In announcing his run Dec. 3, 2012, Pridemore criticized school performance, taking particular aim at the district in Wisconsin’s largest city, Milwaukee Public Schools.
The eight-year suburban lawmaker said "86 percent of MPS students are behind in reading and 80 percent are behind in math."
Milwaukee Public Schools is a popular target.
But are the vast majority of its students lagging in reading and math?
When we asked Pridemore to back up his claim, he cited an Oct. 24, 2012, article in the Milwaukee Journal Sentinel. The article reported on recalculations done by the Department of Public Instruction, the agency Evers heads, on a statewide student tests.

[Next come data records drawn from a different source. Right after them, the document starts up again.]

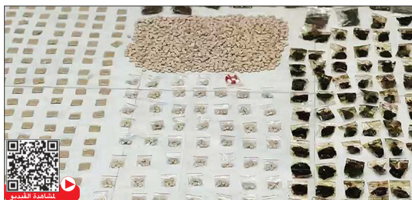
والضبطية الثانية شملت 66 غراماً من الهيروين و304 غرامات من الحشيش ومادة «الكانجا» المخدرة و2015 حبة مخدرة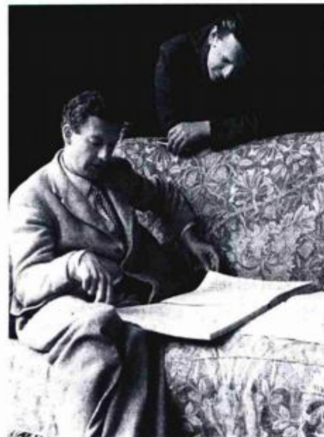
Suradnici i ljubavnici – Benjamin Britten i Peter Pears

S totoj obljetnici rođenja Benjamin Brittena pridružuju se i riječki HNK Ivana pl. Zajca te HNK Šibenik, koji u koprodukciji pripremaju Brittenov »The Turn of the Screw/Okretaj zavrtnja«. Riječ je o komornoj operi za koju libreto potpisuje Myfanwy Piper. Opera je naručena za Venecijanski bijenale, a svjetska premijera izvedena je 14. rujna 1954. godine u venecijanskom Teatro La Fenice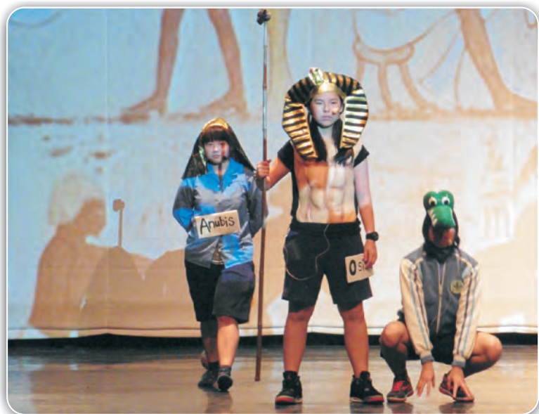
主旨：為增進本校學生英語口語表達能力，提升學習英語興趣。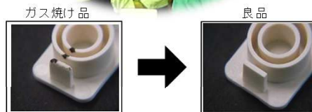
使用樹脂:46ナイロスタニール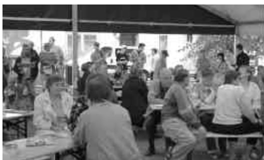
14. 10. 2006 – Občanská demokratická strana, Bosonožské náměstí

The recalculations were done on 2011 scores for the Wisconsin Knowledge and Concepts Examination, which is given each fall. As the Journal Sentinel explained, DPI raised expectations for performance to match those of a respected national exam.
The recalibration meant that essentially overnight, there was a large increase in the number of students who were rated as non-proficient -- even though their performance on the test didn’t change.
Statewide, under the old standard for scoring the 2011 WKCE tests, 18 percent of students failed to score as proficient or advanced in reading. But the figure rose to 64 percent under the new standard.
In math, the non-proficiency figure rose from 22 percent under the old standard to 52 percent under the new.
Milwaukee Public Schools students fared worse.
Under the old standard, nearly 42 percent of MPS students were scored as not proficient in reading. But under the new standard, the figure climbed to 86 percent.
In math, nearly 41 percent of MPS students were rated as not proficient under the old standard. That rose to just over 80 percent under the new standard.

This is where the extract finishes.